→ Problem to work on
Using the data below, set down every line from the one containing "Veleta y Cartujo 18-11-2020" through the one containing "Beberapa orang peserta", inclusive and unchanged. Pictures are to be skipped.

→ Dataset records

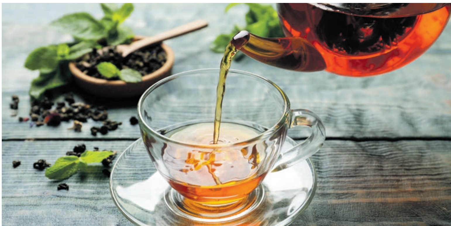
Traditionelle Teesorten wie schwarzer, grüner oder weißer Tee stellen schon lange neben Kaffee die bevorzugten Genussmittel der Menschheit dar.

Heiße Temperaturen bringen fast jeden ins Schwitzen. Da wünschen sich viele nichts sehnlicher, als eine eisgekühlte Erfrischung zu sich zu nehmen. Egal, ob Limonade mit Eiswürfeln oder Mineralwasser – Hauptsache kalt. Doch genau hier verbirgt sich ein großer Irrtum: Kalte Getränke bei Hitze zu trinken, sorgt nur temporär für eine Kühlung des Körpers – langfristig schwitzt er dadurch noch mehr. Nur die wenigsten Menschen kommen deshalb bei Temperaturen von über 30 °C auf den Gedanken, Tee zu genießen. In anderen Kulturen und Ländern der Welt gehört es hingegen zum Alltag, auch in der warmen Jahreszeit Tee zu trinken.
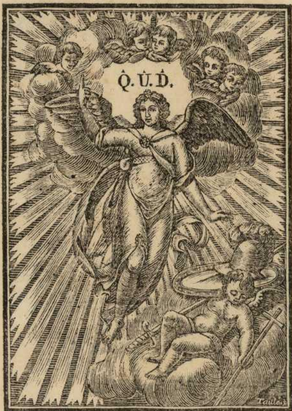
IMATGE DEL ARCANGEL SANT MIQUEL, que se venera en la Capella de Tenders Reve- nedors, collocada en la Iglesia Parroquial de nostra Señora del Pí de la Ciutat de Barcelona.
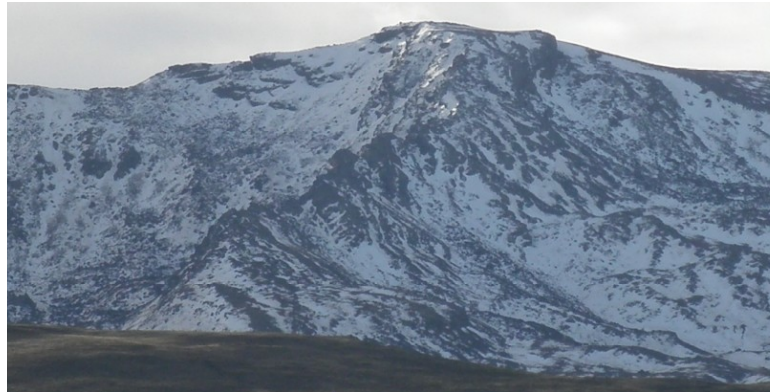
Veleta y Cartujo 18-11-2020
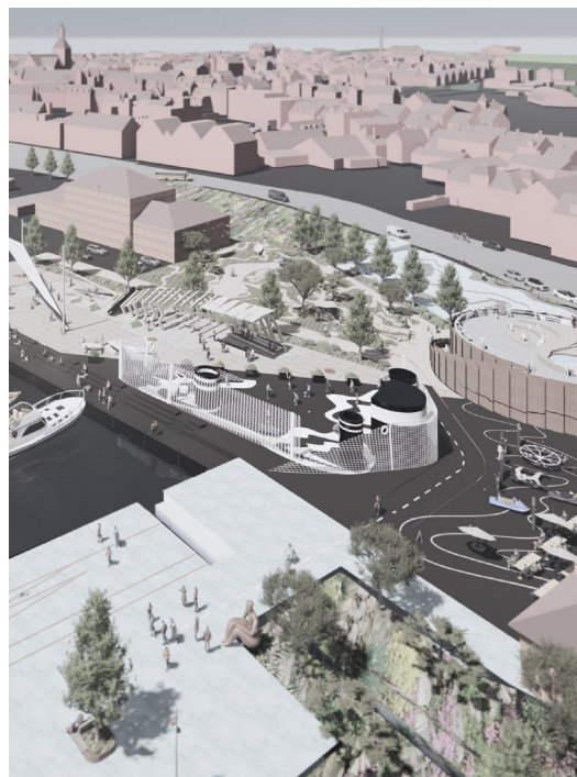
Der er afsat kommunale midler i 2025-26 til en ny Geobannepark mellem Jessens Mole og Nordre Kaj.

Endelig vil Kommuneplanen, der formelt fastlægger rammerne for anvendelse af områderne, herunder rækkefølge for boligudbygning, blive revideres hvert 4. år.
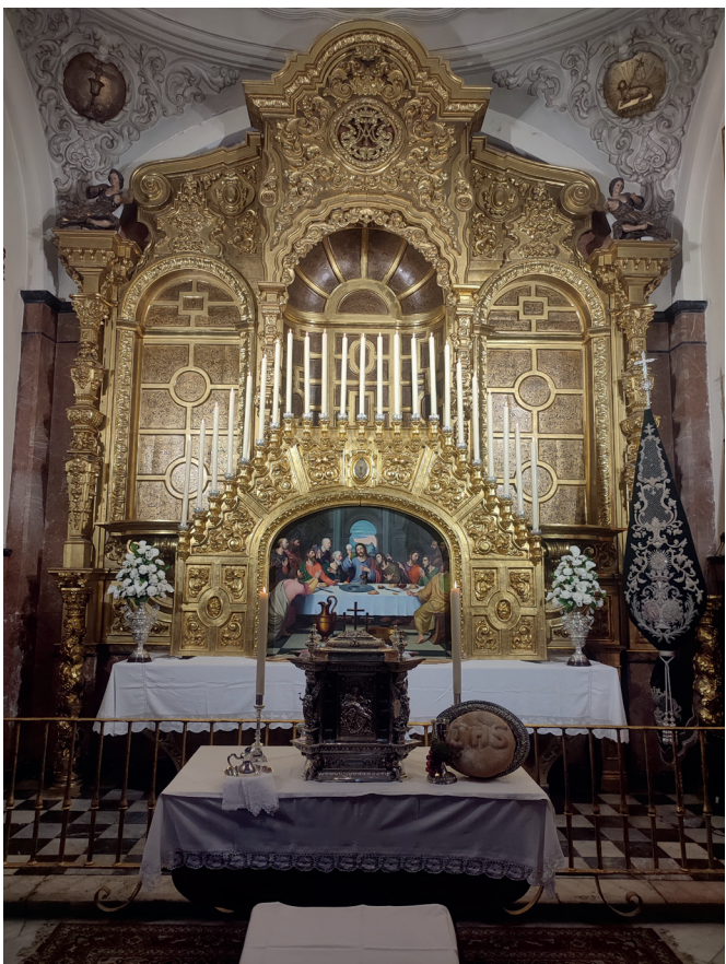
28 de marzo | Monumento del Jueves Santo
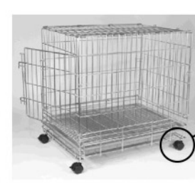
オプションのキャスターを付けたステンレス製ゲージ(SSD)

4 4つの角全てにナットをはめたら完成です。振動により、ナットがゆるむことがありますので時々点検してください。
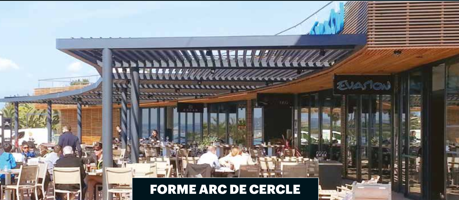
FORME ARC DE CERCLE
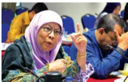
Beberapa orang peserta memberikan idea dan cadangan
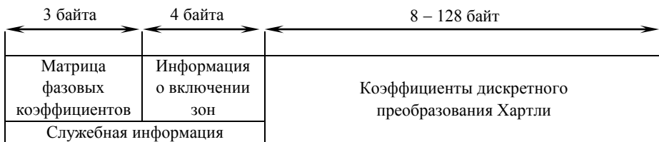
Рис. 2. Формат трансформанты ДПХ в компактном представлении

Формат трансформанты при компактном представлении в области сохраняемых данных представлен на рис. 2.
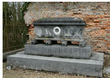
Tombeau en forme de sarcophage.
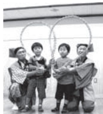
▲古の遊び『南京玉すだれ』
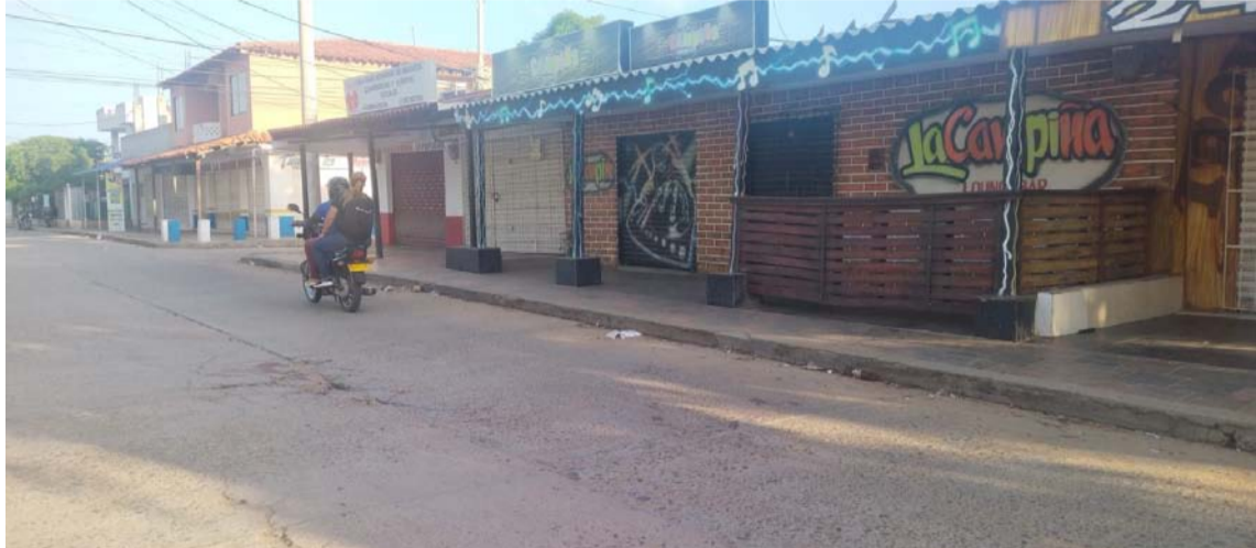
El procedimiento policial ocurrió en la discoteca La Campiña de la ciudad de Riohacha.
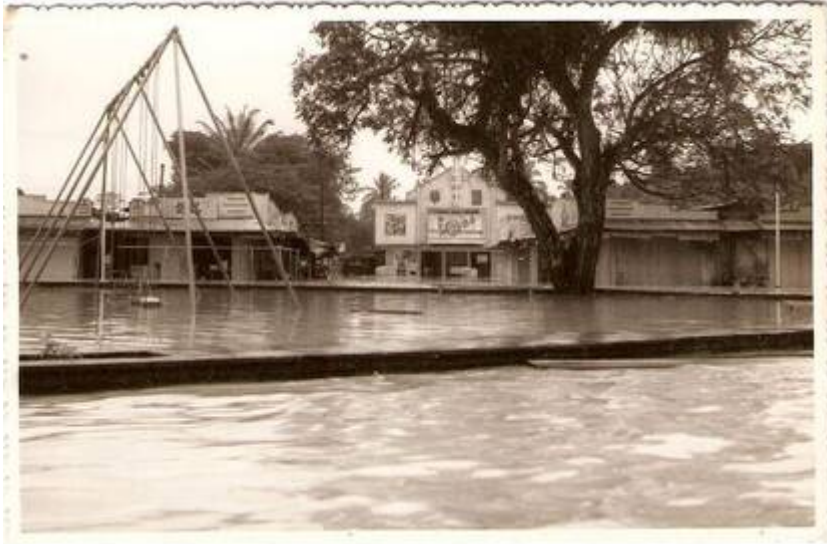
(12) Bulatan Kajang:-

Kiri: Stesen minyak Shell di tengah. Bazaar di sebelah kanan (kini bangunan Metro Plaza).

→ Worked solution
Veleta y Cartujo 18-11-2020
Der er afsat kommunale midler i 2025-26 til en ny Geobannepark mellem Jessens Mole og Nordre Kaj.

Endelig vil Kommuneplanen, der formelt fastlægger rammerne for anvendelse af områderne, herunder rækkefølge for boligudbygning, blive revideres hvert 4. år.
28 de marzo | Monumento del Jueves Santo
オプションのキャスターを付けたステンレス製ゲージ(SSD)

4 4つの角全てにナットをはめたら完成です。振動により、ナットがゆるむことがありますので時々点検してください。
FORME ARC DE CERCLE
Beberapa orang peserta memberikan idea dan cadangan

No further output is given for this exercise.